Паэлья от Синей Бороды

I

«Когда-нибудь и на нашей улице опрокинется грузовик с шоколадными пряниками!» – назойливо крутилась в голове фраза сомнительной оптимистичности, горячо любимая моей подругой Веркой, когда я сходила с трапа самолета на чужестранную бетонку. Испания встретила солнцем, сиявшим с безупречно синего неба с такой жизнерадостной простотой, что заподозрить его в каком-либо подвохе было бы сущим кощунством. Тогда как в России оно не подарило мне даже скудной прощальной улыбки.

Справиться с волнением оказалось сложно. Оно, ненадолго обезоруженное приветливым солнцем, вновь вернулось к боевой готовности, когда я в длинной очереди туристов ожидала паспортного контроля. И вместо того чтобы спокойно стоять на месте, я вертела головой по сторонам, то и дело одергивая куртку и подтягивая джинсы. Чем вызвала любопытство у таможенника, отчасти переходящее в подозрение. Он долго изучал мой паспорт, бросая на меня строгие взгляды, и наконец что-то спросил. Что – непонятно: мой испанский, который я самостоятельно изучала дома, хоть и сдвинулся с нулевого уровня, но до свободного разговорного еще не дорос.

Таможенник повторил вопрос по слогам, но я смущенно развела руками: простите, не понимаю.

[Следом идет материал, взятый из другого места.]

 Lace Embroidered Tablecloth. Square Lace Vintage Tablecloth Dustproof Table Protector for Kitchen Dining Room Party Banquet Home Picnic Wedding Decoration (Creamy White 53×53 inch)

– Куда ви? – с жутким акцентом спросил он. Подозреваю, ему пришлось выучить эту фразу не только на русском языке.

– А! К мужу. А… ми маридо. Да. То есть «си», – ответила я и для пущей убедительности потрясла перед окошком рукой с обручальным колечком. Таможенник ничего не ответил и наконец-то поставил в мой паспорт штамп.

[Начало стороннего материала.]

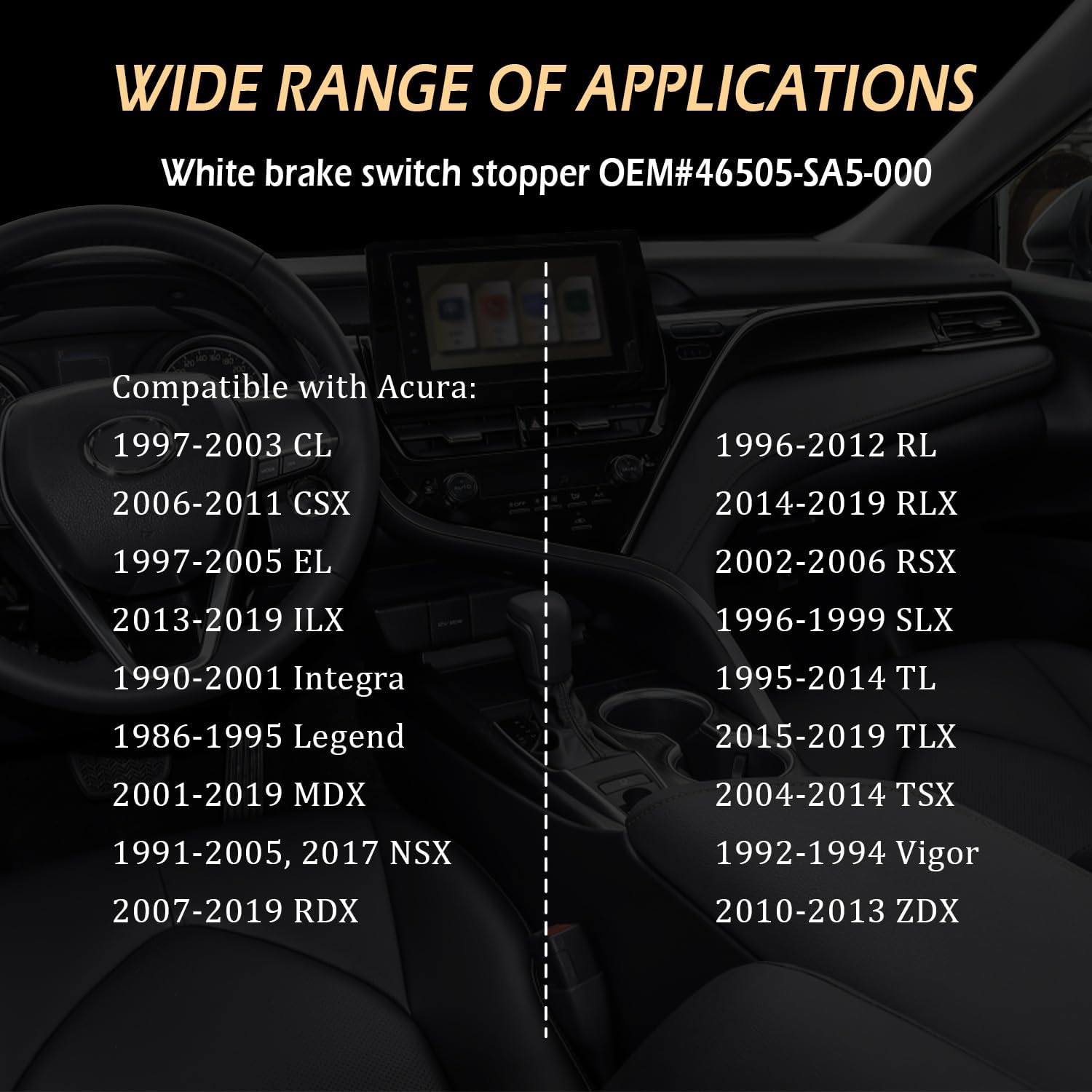 DON'T WASTE A LOT OF TIME AND MONEY! FIX THE BRAKE LIGHTS, JUST USE THESE SMALL CAR ACCESSORIES!🌟[Brake Pedal Stop Pad Dimensions ▨ Black:0.7x0.48 inch ▨ White:0.57x0.57 inch🌟[Brake Pedal Stop Pad Attributes] ▨ Colors:Black+white ▨ Weight:0.4 oz ▨ Material:Premium rubber ▨ Packaging:4x Black brake pedal stop pad, 4x white brake pedal stop pad🌟[Brake Pedal Stop Pad Functions] ▨ Feature:Tight, wear-resistant, precise, and not easily deformed ▨ Function:Fix the issue of the car brake light continuous Illumination🌟[Suitable vehicle]▨ Suitable vehicle of OEM 90541-06036:▨ Compatible with Lexus:1990-1991, 2021-2022 ES2501995-2003 ES3002013-2018, 2020 ES300h2004-2006 ES3302007-2022 ES3502016-2017 GS200t1993-2006, 2018-2019 GS3002009-2011, 2013-2020 GS3502000 GS4002001-2007 GS4302009-2011, 2013-2018 GS450h2008-2011 GS4602010-2022 GX4602003-2009 GX4702016-2017 IS200t2008-2015 IS2502003-2005, 2016-2022 IS3002008-2022 IS3502018-2022 LC5002018-2022 LC500h1990-2000 LS4002001-2006 LS4302010-2017 LS4602018-2022 LS5002018-2022 LS500h2009-2016 LS600h1999-2003 RX3002004-2006 RX3302010-2022 RX3502018-2022 RX350L2006-2008 RX400h2013-2022 RX450h2018-2022 RX450hL1994-2000 SC3001998-2000 SC4002006-2010 SC430▨ Compatible with Scion:2016 iM2005-2016 tC2004-2006 xA2004-2006, 2008-2015 xB2008-2014 xD▨ Compatible with Toyota:1987-2022 4Runner1997-2022 Avalon2000-2022 Camry2000-2005 Celica2000-2022 Corolla1989-1992 Cressida2000-2005 Echo2007-2014 FJ Cruiser2006-2022 Highlander2002-2011, 2013-2021 Land Cruiser2005-2014 Matrix2019-2022 Mirai1988-1989, 1991-1995 MR21995-1999 Paseo1991-1997 Previa2005-2021 RAV42003-2022 Sequoia2001-2008, 2010-2022 Sienna1999-2008 Solara1986-1998, 2021 Supra1995-2022 Tacoma1993-1999 Tercel2000-2021 Tundra2004-2021 Yaris▨ Suitable vehicle of OEM 46505-SA5-000:▨ Compatible with Acura:1997-2003 CL2006-2011 CSX1997-2005 EL2013-2019 ILX1990-2001 Integra1986-1995 Legend2001-2019 MDX1991-2005, 2017 NSX2007-2019 RDX1996-2012 RL2014-2019 RLX2002-2006 RSX1996-1999 SLX1995-2014 TL2015-2019 TLX2004-2014 TSX1992-1994 Vigor2010-2013 ZDX

«А с испанским у тебя, Дарья, бо-ольшие проблемы, – ехидно отозвался внутренний голос. – Как же ты будешь с мужем общаться?» – «Как-нибудь… Как раньше», – отмахнулась я от собственных сомнений, выходя в просторный зал барселонского аэропорта Прат. Какие тут могут быть сомнения, когда, со слов все той же Верки, на моей улице рассыпалось шоколадно-пряничное содержимое кузова не одного грузовика, а каравана фур. Выйти замуж за обеспеченного европейца, который пылинки с тебя сдувает, – это, по мнению моих подруг и коллег, лотерейный билет с Гран-при.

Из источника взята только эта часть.